Some times the yaks come with a bonus when you open the wrapper.......6 week old enchilada.

Cheers

Scott


----------



## koich (Jul 25, 2007)

Where do they ge echidnas from in America?


----------



## ScottLovig (Aug 7, 2006)

blueyak said:


> Don't really care where they are made.
> 
> My question is why isn't there a dealer in the south side of sydney?


Kerli and Pauly shoot them.

Trench coated figures in the dark and...... "phot" "phot"....no more dealers.

Cheers

Scott


----------



## ScottLovig (Aug 7, 2006)

koich said:


> Where do they ge echidnas from in America?


Marsupial Bell.


----------



## Shorty (May 11, 2008)

Thanks for that Scott,, the guy that told me is an Ex Hobie dealer though he still has one is stock(Hobie Adventue island),,but has every other kayak plus sea kayaks in his range.

I guess he is mistaken.


----------



## grinner (May 15, 2008)

i think stocking groups put outback fingerlings into the dams and over time these grow into revos and adventures.


----------



## auskayaks (Apr 6, 2009)

They are a breed on their own, one above all others.
God may have spoken and said we dont want a dealer in South Sydney. A bit like Newcastle and so many other regions, it just dont click.
The only one that can answer the question is the Hobie boss man.
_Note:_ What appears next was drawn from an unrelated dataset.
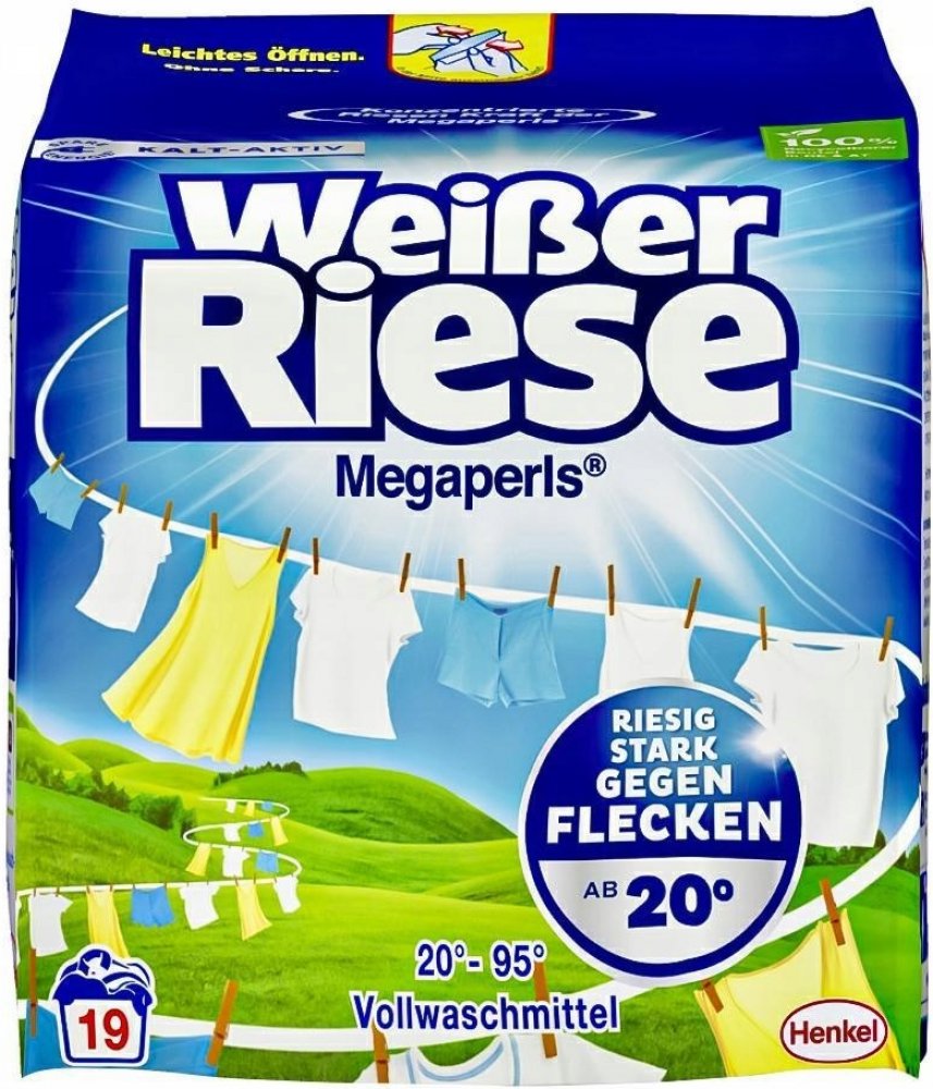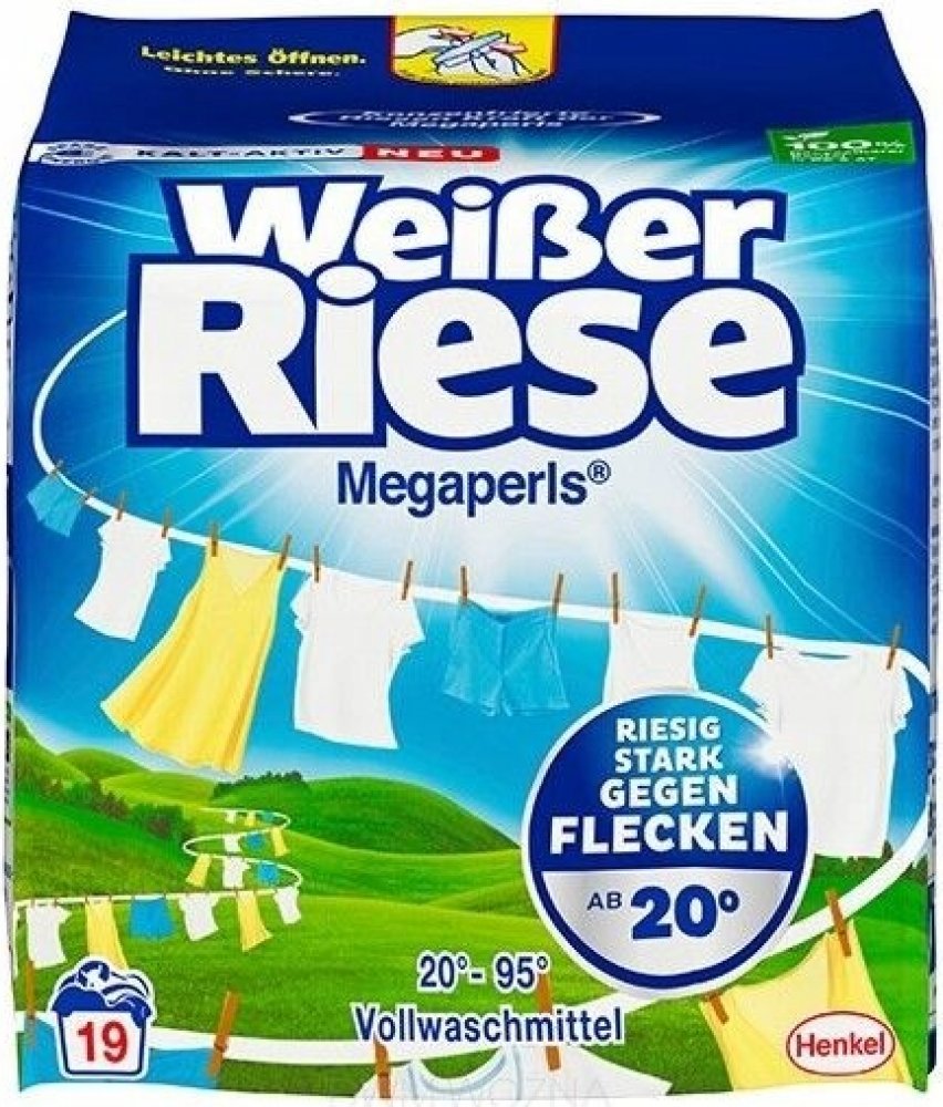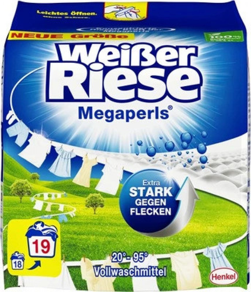 Weißer Riese Megaperls je silný na skvrny a je univerzálním pracím prostředkem, který zajišťuje zářivě čisté prádlo.

God.


----------



## ScottLovig (Aug 7, 2006)

Shorty said:


> Thanks for that Scott,, the guy that told me is an Ex Hobie dealer though he still has one is stock(Hobie Adventue island),,but has every other kayak plus sea kayaks in his range.
> 
> I guess he is mistaken.


Nah, just bitter. ;-)

cheers

Scott


----------



## GregL (Jul 27, 2008)

ScottLovig said:


> koich said:
> 
> 
> > Where do they ge echidnas from in America?
> ...


Scott vs Koich - this could be great reading.... :twisted:


----------



## Shorty (May 11, 2008)

Satans handmaidens,6 week enchiladas,N.S.W ,Outback fingerlings,trench coat figures,Marsupial bell,hobie boss man.God .dealer in South Sydney,VW Touregs ???i mean touaregs ???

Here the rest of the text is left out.